09.04.2025

Prince Mateen & Danial Deen: On the noble art of elite dressing

Discover how Prince Mateen of Brunei and Danial Deen Isa-Kalebic embody the noble art of dressing with gentlemanly precision—honouring timeless values in a world of fleeting trends.

Words: Harrison Montgomery Blackwell III

Photo: Prince Mateen, Princess Anisha Isa-Kalebic, Janetira Attaskulchai-Deen, Danial Deen Isa-Kalebic.

Credit: @danialik/Instagram.

 

My dear readers,

It is with a sense of both duty and delight that I turn my attention this week to two paragons of modern male refinement — His Royal Highness Prince Mateen of Brunei and the enigmatic Danial Deen Isa-Kalebic. One, a prince by lineage; the other, a gentleman by cultivation. Together, they are restoring the lost art of dressing with quiet power.

Earlier this season, while nursing a glass of vintage Armagnac in the drawing room, I came across a photograph of the two men — one in a navy wool-blend jacket, the other in a restrained palette of grey and ivory. The image struck me like a passage from Waugh: timeless, precise, and refreshingly devoid of trend-chasing vulgarity. It reminded me, in no uncertain terms, that the highest form of style is not performance, but presence.

The Fit: Neither Shouted Nor Shrunk

What distinguishes both gentlemen — and I say this with the confidence of a man who has commissioned bespoke garments from Naples to Savile Row — is their unerring eye for fit. Prince Mateen’s tailoring, in particular, reveals a majestic understanding of proportion: soft shoulders that evoke Neapolitan nonchalance, paired with a structured silhouette worthy of state occasions.

Deen, meanwhile, brings a continental precision to his dress. I am told he favours layering a white tee beneath a tailored bomber — an approach that, when executed poorly, collapses into adolescence. And yet, in his case, the look reads not as casual, but calculated. It is the fit that saves him — deliberate, unfussy, and precise.

One is reminded of the late Duke of Devonshire’s maxim: “Better a simple garment well-cut, than a peacock’s feather flapping in poor taste.”

Credit: @danialik/Instagram

 

Fabric: The Whisper of Wealth

Allow me to be blunt — true elegance never announces itself with logos.
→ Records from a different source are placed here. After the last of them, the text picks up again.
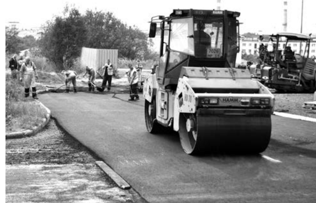
Качественной укладке асфальта способствует хорошая погода.

зяйства администрации ЗАТО г. Североморск. Теперь с нетерпением ждем окончания работ, и на этом мы не остановимся: хотим еще привести в порядок зеленый участок во дворе, засеять его газонной травой, высадить цветущие кустарники, уже выкосили двухметровую крапиву и бурьян, ближе к осени нам обещали завезти грунт. На следующий год наш дом попал в программу капремонта, где основной работой будет перекрытие кровли.
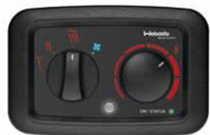
Elément de commande multi fonctions Air Top Evo

Pour voir la gamme complète des produits Webasto, consultez le catalogue Marine.
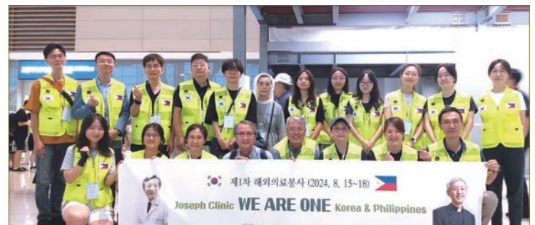
출국 전 인천공항에서 포즈를 취한 의료봉사단(2024년 8월 15일).
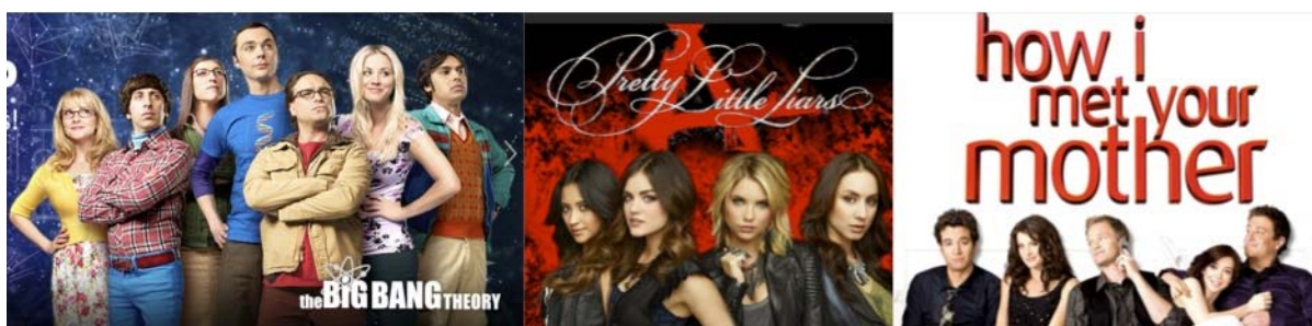
Gráfico 1: Imágenes con los protagonistas de las series preferidas por los encuestados.

La ficción televisiva es el género preferido por los encuestados en este estudio. Alrededor de un 40% elige una serie como programa preferido. La explicación que dan es que les divierte. Sin embargo, eligen series muy diversas, entre ellas hay comedias de situación, series de misterio, comedia familiar, y también otras de corte más dramático. En este apartado también se incluyen las telenovelas.
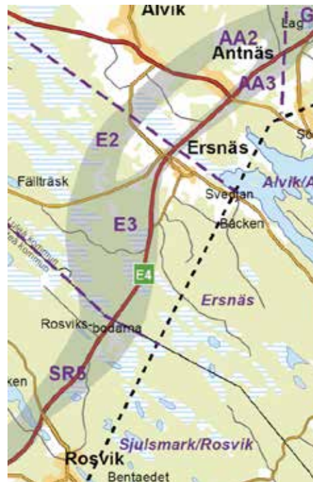
Det grå fältet visar planerad dragnings av Norrbotniabanan förbi Ersnäs, två alternativ finns, AA2 och AA3.
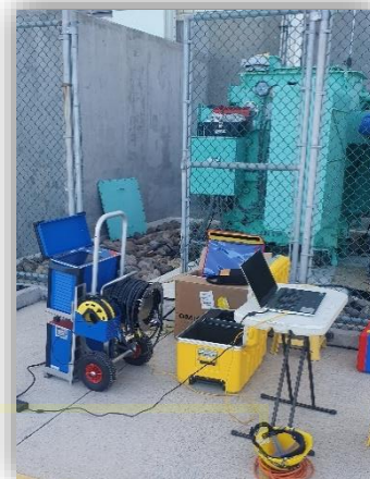
Pruebas eléctricas a transformador de distribución.
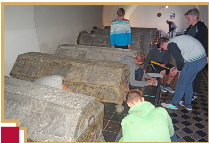
Sarkofāgu restaurācija nav vienkāršs process – viena no panākumu atslēgām – precīza mērīšana un tāmes sagatavošana
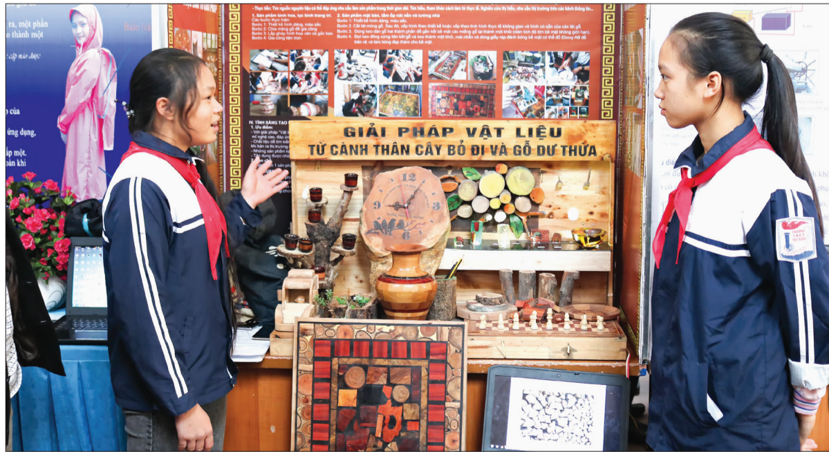
Giải pháp vật liệu từ cành cây, thân cây bỏ đi và gỗ dư thừa của nhóm học sinh Trường THCS Thụy Trường (Thái Thụy).
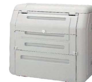
ペットボトル拠点回収ボックス

It speaks in the grain of the cloth, the breathability of a knit, the way light bends over brushed flannel or double-faced cashmere.

Prince Mateen’s choices often gravitate toward wool-silk blends and textured knits — garments that seem to exist somewhere between formal and poetic. Deen’s choices are equally astute, leaning into tactile layers and natural fibres that hint at old-world craftsmanship. I suspect he owns several pieces made in small European ateliers — not for vanity, but for heritage.

Indeed, when your garments feel as though they were chosen by candlelight in an oak-panelled dressing room, you have arrived.

Layering: The Gentleman’s Game of Restraint

It takes no skill to pile on clothing. But to layer with elegance — to suggest depth without disorder — is an art form. These men understand that harmony of texture and tone is paramount. Their ensembles whisper of early evenings in Montreux, of unhurried travel between capital cities.

I noted recently that Deen paired a cool grey knit under a bomber of alpine green — a combination that echoed the forest edge outside my study just after a rain. Prince Mateen, ever regal, prefers blues in graduated shades, like a composer playing with octaves. Their layering neither overwhelms nor competes. It converses.

The Quiet Confidence of a Well-Turned Heel

No discussion of elegance is complete without a nod to footwear. Here, again, both gentlemen display commendable restraint. Loafers in suede, sneakers in pristine white, soles that tread softly upon parquet and marble alike. No brass buckles. No gaudy contrast. Just intention.

Even their hair — neatly parted, never plastered — reflects an inner discipline. One senses they dress not to be seen, but to honour the rooms they enter.

In Closing: On the Gentle Pursuit of Perfection

As I prepare for a late luncheon at Boodle’s — an affair promising both roast venison and meaningful conversation — I am reminded of something I once heard the late couturier Francesco Smalto say: “Elegance is not created. It is revealed.”

Prince Mateen and Danial Deen reveal much — not just about the changing face of masculine style, but about the values we at GC hold most dear: discernment, lineage, and a refusal to capitulate to the ephemeral.

If you must look anywhere for guidance, look to men like these. For in an age of noise, it is still the whisper that commands attention.

Yours in taste and timelessness,
Harrison Montgomery Blackwell III

About the Contributor

Harrison Montgomery Blackwell III is the Style Contributor of Gentleman Code Magazine and divides his time between his ancestral estate in the Cotswolds, his apartment in Mayfair, and various private clubs around the globe.